33
\$\begingroup\$

In the esoteric programming language Curly, programs consist solely of curly braces {} and semicolons ;. Despite this humble toolset, Curly has literals that can represent any nonnegative integer. The format is a little hard for the uninitiated to read, though, so let's write some code to do the conversion for us.

Format of numbers

Curly numbers are structured according to the following rules:

  1. Adding a semicolon adds one to the number.
  2. A number enclosed in curly braces is multiplied by four.
  3. Curly-brace groups may be nested but not concatenated. Braces must match properly.
  4. Semicolons outside a set of curly braces must come afterward, not before.
  5. To avoid ambiguity in parsing, a number must always start with a curly brace.

Some examples:

{;;}     2*4 = 8
{{;};};  (1*4+1)*4+1 = 21
{};;;    0*4+3 = 3

(Note that rule 5 means the numbers 0 to 3 must start with an empty pair of curly braces.)

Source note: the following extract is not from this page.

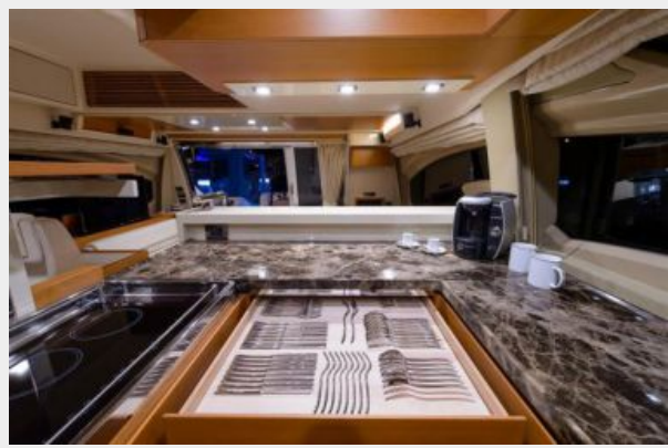
64' Azimut - Galley

And some invalid examples:

{{;}{;;}}  Curly brace groups side-by-side, not nested
{;}}       Unmatched brace
{;{;}}     Semicolon before curly-brace group
;;;        Number does not start with curly brace

Here's a BNF grammar for Curly numbers:

<number> ::= "{" <inner> "}" <semis>
<inner>  ::= <semis>
           | <number>
<semis>  ::= ";" <semis>
           | ""

Numbers like {;;;;} (more than 3 semicolons in a row) or {{};} (unnecessary empty brace groups) are called improper Curly numbers. They obey the above grammar and can be evaluated in the usual way, but they are also capable of shorter representations (for the above examples, {{;}} and {;} respectively).

The challenge

Write a program or function that inputs/receives a string. If the string is a nonnegative decimal integer, output/return the proper (i.e. shortest possible) Curly representation for that integer. If the string is a Curly number, output/return its decimal representation.

Input can be received via STDIN, command-line argument, or function parameter. It must be a string; that is, you may not write a function that accepts strings for Curly numbers but integers for decimal numbers.

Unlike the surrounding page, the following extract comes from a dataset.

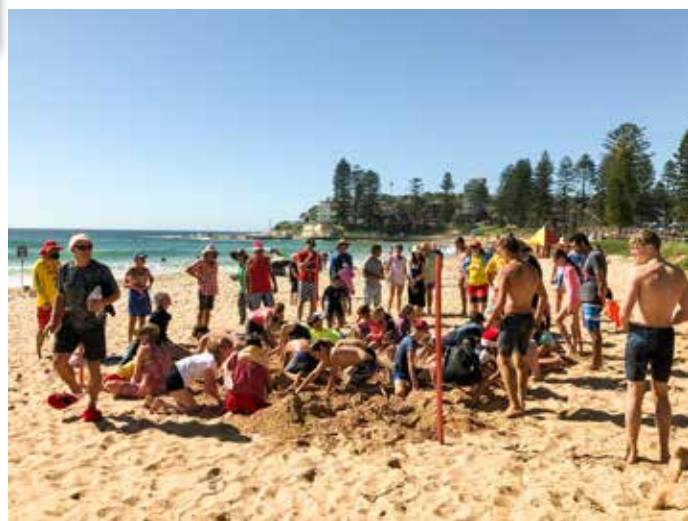
Christmas Day Plum Pudding Hunt

On the social scene the club held the usual scheduled events which include the Friday evening BBQ in the Betty Barry room, the Nipper Halloween Party, Club Christmas Party and the Christmas pudding hunt.

Output can be printed to STDOUT or returned from the function. A function may return an integer when appropriate, or it may return strings in all situations.

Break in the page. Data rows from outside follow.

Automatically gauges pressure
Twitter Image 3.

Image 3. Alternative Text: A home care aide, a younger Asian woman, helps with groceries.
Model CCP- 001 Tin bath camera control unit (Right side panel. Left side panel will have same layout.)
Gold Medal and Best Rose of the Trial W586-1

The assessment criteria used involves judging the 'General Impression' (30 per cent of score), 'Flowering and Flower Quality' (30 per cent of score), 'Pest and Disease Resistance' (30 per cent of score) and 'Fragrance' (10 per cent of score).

Your program does not have to handle bad input (Curly numbers that break the formatting rules, floating point numbers, negative integers, random text), and it is not required to handle improper Curly numbers (but see below). Input will consist only of printable ASCII characters.

Scoring

The shortest code in bytes wins. If your program can do both of the following:

  1. correctly handle improper Curly numbers, and
  2. when given a Curly number, ignore any extra characters that aren't {};

then subtract 10% from your score. (Integer input will never have extraneous characters, even for the bonus.)

Test cases

Input       Output
{;;}        8
{{;};};     21
{};;;       3
{{{{;}}};}  260
{}          0
4           {;}
17          {{;}};
1           {};
0           {}
96          {{{;};;}}

For the bonus:

{};;;;;     5
{{;;;;};;}  72
c{u;r;l}y;! 9
42{;} ;;;;  8

Note: Curly is not yet implemented. But if this question does well, I may develop it further.

\$\endgroup\$
  • \$\begingroup\$ how it should handle case if you have not matching number of parenthesis ? or shall i assume it will never happened? \$\endgroup\$ – user902383 Sep 14 '15 at 14:39
  • \$\begingroup\$ @user902383 You can assume that non-matching curly braces will never happen. \$\endgroup\$ – DLosc Sep 14 '15 at 14:47
  • 2
    \$\begingroup\$ I was going to make a Retina solution, but after making it handle a Curly string (only 20 bytes), I realized it also needs to handle positive integers -> Curly, so I gave up. \$\endgroup\$ – mbomb007 Sep 14 '15 at 20:55
  • \$\begingroup\$ @DLosc Yeah, it wouldn't win, so I'm not going to spend the time. \$\endgroup\$ – mbomb007 Sep 14 '15 at 21:02
  • \$\begingroup\$ @mbomb007 I meant on this question specifically, where the Pyth solution is already 22% shorter than the shortest CJam solution and qualifies for the bonus. Anyway, it was a rhetorical question attempting to say, "No, but it could still be fun and garner some upvotes." If you disagree with the "fun" part, though, that's fine. \$\endgroup\$ – DLosc Sep 14 '15 at 21:11

14 Answers 14

15
\$\begingroup\$

Pyth, 35 32 bytes - 10% = 28.8

.x.U+jb`HZ*R\;.[Z2jsz4i/R\;cz\}4

Try it online: Demonstration or Test Suite

edit: As it turned out, I accidentally can also handle improper Curly Numbers. Wasn't planned at all. ;-)

Explanation:

There are two expressions in the code. The first one converts a number into a Curly Number, and the second one converts a Curly Number into a regular number. .x handles, which expression gets printed. It will try to print the first expression. If there are any non-digits in the input, the first expression fails (via Exception). .x catches the Exception and prints the second one.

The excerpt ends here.